Her zorluğun altından tek başına kalkmaya çalışma kızım, bırak herkes üzerine düşeni yapsın. Taşkın sel olma, duru, hatta kimsenin ha deyince gelemeyeceği, bulamayacağı dağ gülü ol. Gerçekten ulaşmak isteyen sana dokunsun...
Evet içinde dağları delecek, çölleri aşacak gücün var, ama sen ne Ferhat'sın ne Mecnun. Sen Ferhat'ın sevdiği Şirin, Mecnun'un yandığı Leyla'sın kızım...
Ve şunu söylemekten çekinme;
Çok yorgunum, ''yardıma ihtiyacım var''...

Yıldız Seçen

Zeytin 10 Temmuz 2018 00:49

Cevap: Velhasıl...
 
İçimde çok büyük bir ağlamak var.
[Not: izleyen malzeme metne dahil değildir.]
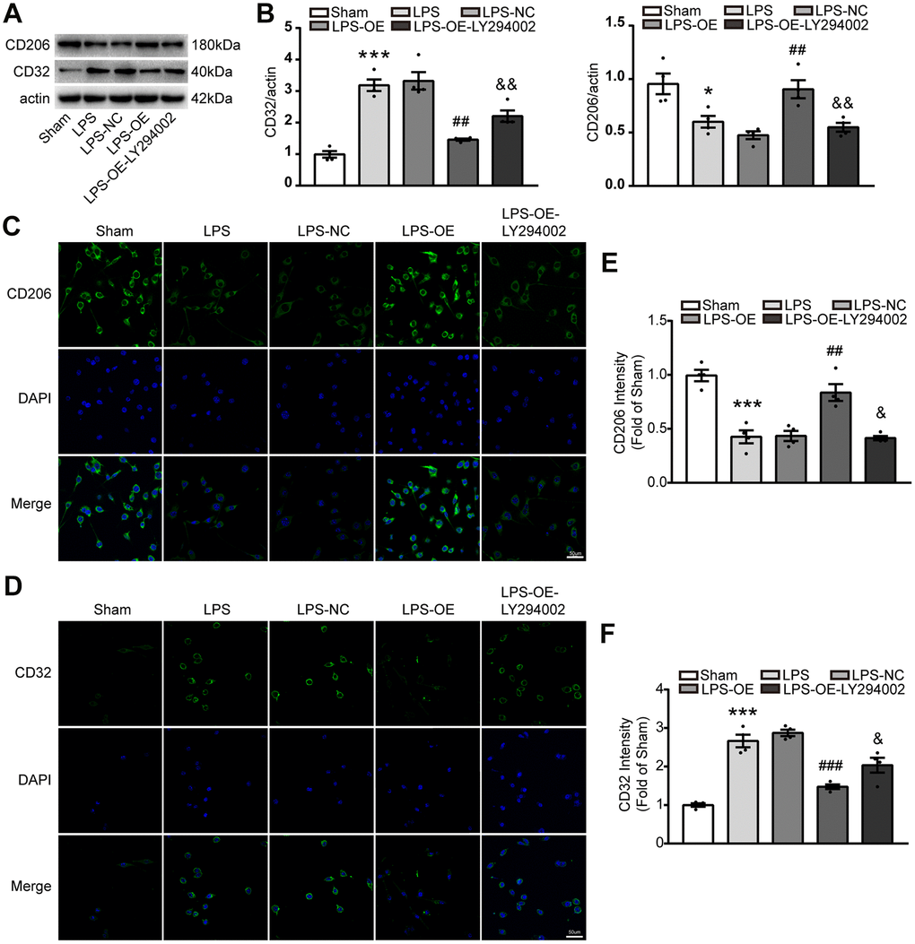 Activated microglia were divided into ‘pro-inflammatory’ microglia and ‘anti-inflammatory’ microglia in the brain, they are important to inflammatory response. To investigate whether TREM2 regulated the microglia polarization via PI3K/AKT/FoxO3a axis, the protein of CD206 and CD32 were assessed by western blot, also immunocytochemistry was used to analyze the phenotypes of microglial cells after staining with anti-CD32(for M1) and anti-CD206(for M2) antibodies. The expression of CD206 significantly decreased under the stimulation of LPS, whereas TREM2 overexpression could restore it. However, the expression of CD206 induced by overexpression of TRME2 could be blocked by LY294002 (Figure 7A–7C, 7E). Conversely, the expression of CD32 markedly increased by LPS-stimulation, and could be restored by TREM2 upregulation. The expression of CD32 under TREM2 upregulation was abolished by LY294002 (Figure 7A, 7B, 7D, 7F). These data suggested that TREM2 could switch the phenotype of microglia via PI3K-FoxO3a pathway.

Bir ağacın altında oturarak hem kendime, hem bütün insanlara hem börtü böceğe, kurda kuşa. Bin yıllık gözyaşıyla ağlamak istiyorum.

Nazan Bekiroğlu

Zeytin 10 Temmuz 2018 16:55

Cevap: Velhasıl...
 
Eğer düşüncede öldürdüklerimiz hakikaten yok olsalardı, yeryüzünde kimse kalmazdı. İçimizde çekingen bir cellat, hayata geçmemiş bir katil taşırız. Mutlak bir mahkeme önünde, bir tek melekler beraat ederdi. Zira başka bir varlığın ölümünü -en azından bilinçsizce- dilememiş bir varlık olmamıştır. Her birimiz ardımızda bir dost ve düşmanlar mezarlığı sürükleriz; bu mezarlığın yüreğin uçurumlarına atılmış veya arzuların yüzeyine yansıtılmış olması da pek mühim değildir.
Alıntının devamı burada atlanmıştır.